* SUPPLIED RECORDS *
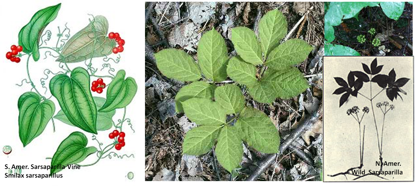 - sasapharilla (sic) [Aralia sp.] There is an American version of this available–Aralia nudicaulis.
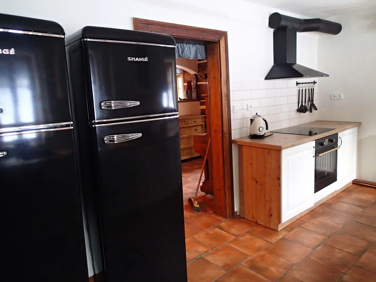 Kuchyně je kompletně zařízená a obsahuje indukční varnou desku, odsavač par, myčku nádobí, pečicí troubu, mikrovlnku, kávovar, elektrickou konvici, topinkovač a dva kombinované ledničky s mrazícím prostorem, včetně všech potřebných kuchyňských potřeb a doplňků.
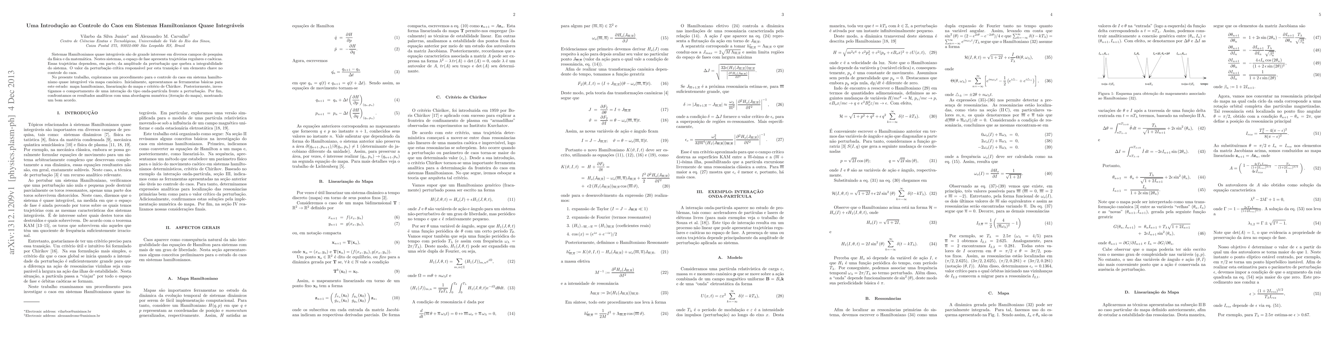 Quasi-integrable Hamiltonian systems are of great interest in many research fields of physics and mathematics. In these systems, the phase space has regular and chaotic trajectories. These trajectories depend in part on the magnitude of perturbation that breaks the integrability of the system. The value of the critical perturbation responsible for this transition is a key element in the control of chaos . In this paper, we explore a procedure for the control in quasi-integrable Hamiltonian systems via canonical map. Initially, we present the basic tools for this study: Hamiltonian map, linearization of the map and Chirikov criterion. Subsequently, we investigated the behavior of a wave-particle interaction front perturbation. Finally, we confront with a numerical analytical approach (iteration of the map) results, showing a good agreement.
* * *
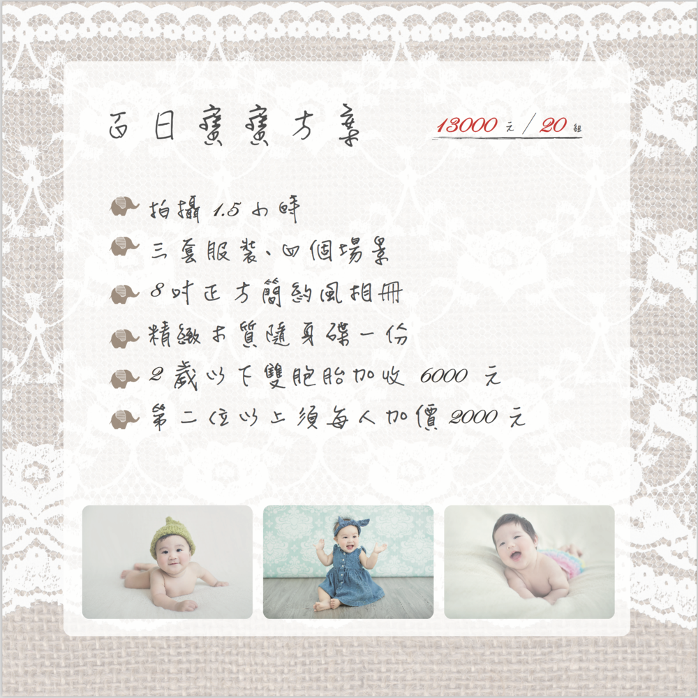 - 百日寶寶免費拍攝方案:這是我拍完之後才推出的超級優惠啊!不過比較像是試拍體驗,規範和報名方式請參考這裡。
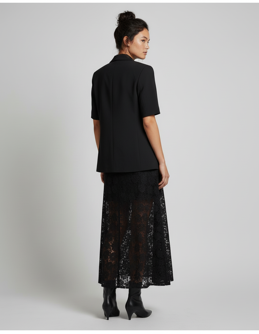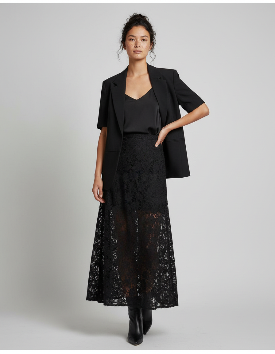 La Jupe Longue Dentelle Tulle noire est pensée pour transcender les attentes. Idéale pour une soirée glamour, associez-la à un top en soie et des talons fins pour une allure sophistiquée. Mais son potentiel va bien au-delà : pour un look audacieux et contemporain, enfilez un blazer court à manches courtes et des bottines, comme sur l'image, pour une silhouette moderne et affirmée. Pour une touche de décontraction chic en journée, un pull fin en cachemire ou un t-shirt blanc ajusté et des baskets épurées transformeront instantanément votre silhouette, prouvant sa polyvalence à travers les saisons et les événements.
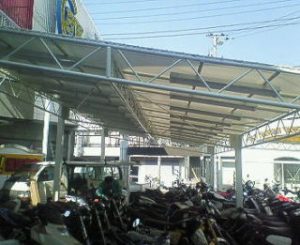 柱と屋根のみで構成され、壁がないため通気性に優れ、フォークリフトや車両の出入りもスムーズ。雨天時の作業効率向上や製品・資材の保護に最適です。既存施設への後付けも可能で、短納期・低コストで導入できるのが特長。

* TRY IT *
Give again, exactly as written above, every line from the one holding "Kuchyně je kompletně" to the one holding "Quasi-integrable Hamiltonian systems are", with both ends kept and the pictures left out.

* WRITTEN SOLUTION *
 Kuchyně je kompletně zařízená a obsahuje indukční varnou desku, odsavač par, myčku nádobí, pečicí troubu, mikrovlnku, kávovar, elektrickou konvici, topinkovač a dva kombinované ledničky s mrazícím prostorem, včetně všech potřebných kuchyňských potřeb a doplňků.
 Quasi-integrable Hamiltonian systems are of great interest in many research fields of physics and mathematics. In these systems, the phase space has regular and chaotic trajectories. These trajectories depend in part on the magnitude of perturbation that breaks the integrability of the system. The value of the critical perturbation responsible for this transition is a key element in the control of chaos . In this paper, we explore a procedure for the control in quasi-integrable Hamiltonian systems via canonical map. Initially, we present the basic tools for this study: Hamiltonian map, linearization of the map and Chirikov criterion. Subsequently, we investigated the behavior of a wave-particle interaction front perturbation. Finally, we confront with a numerical analytical approach (iteration of the map) results, showing a good agreement.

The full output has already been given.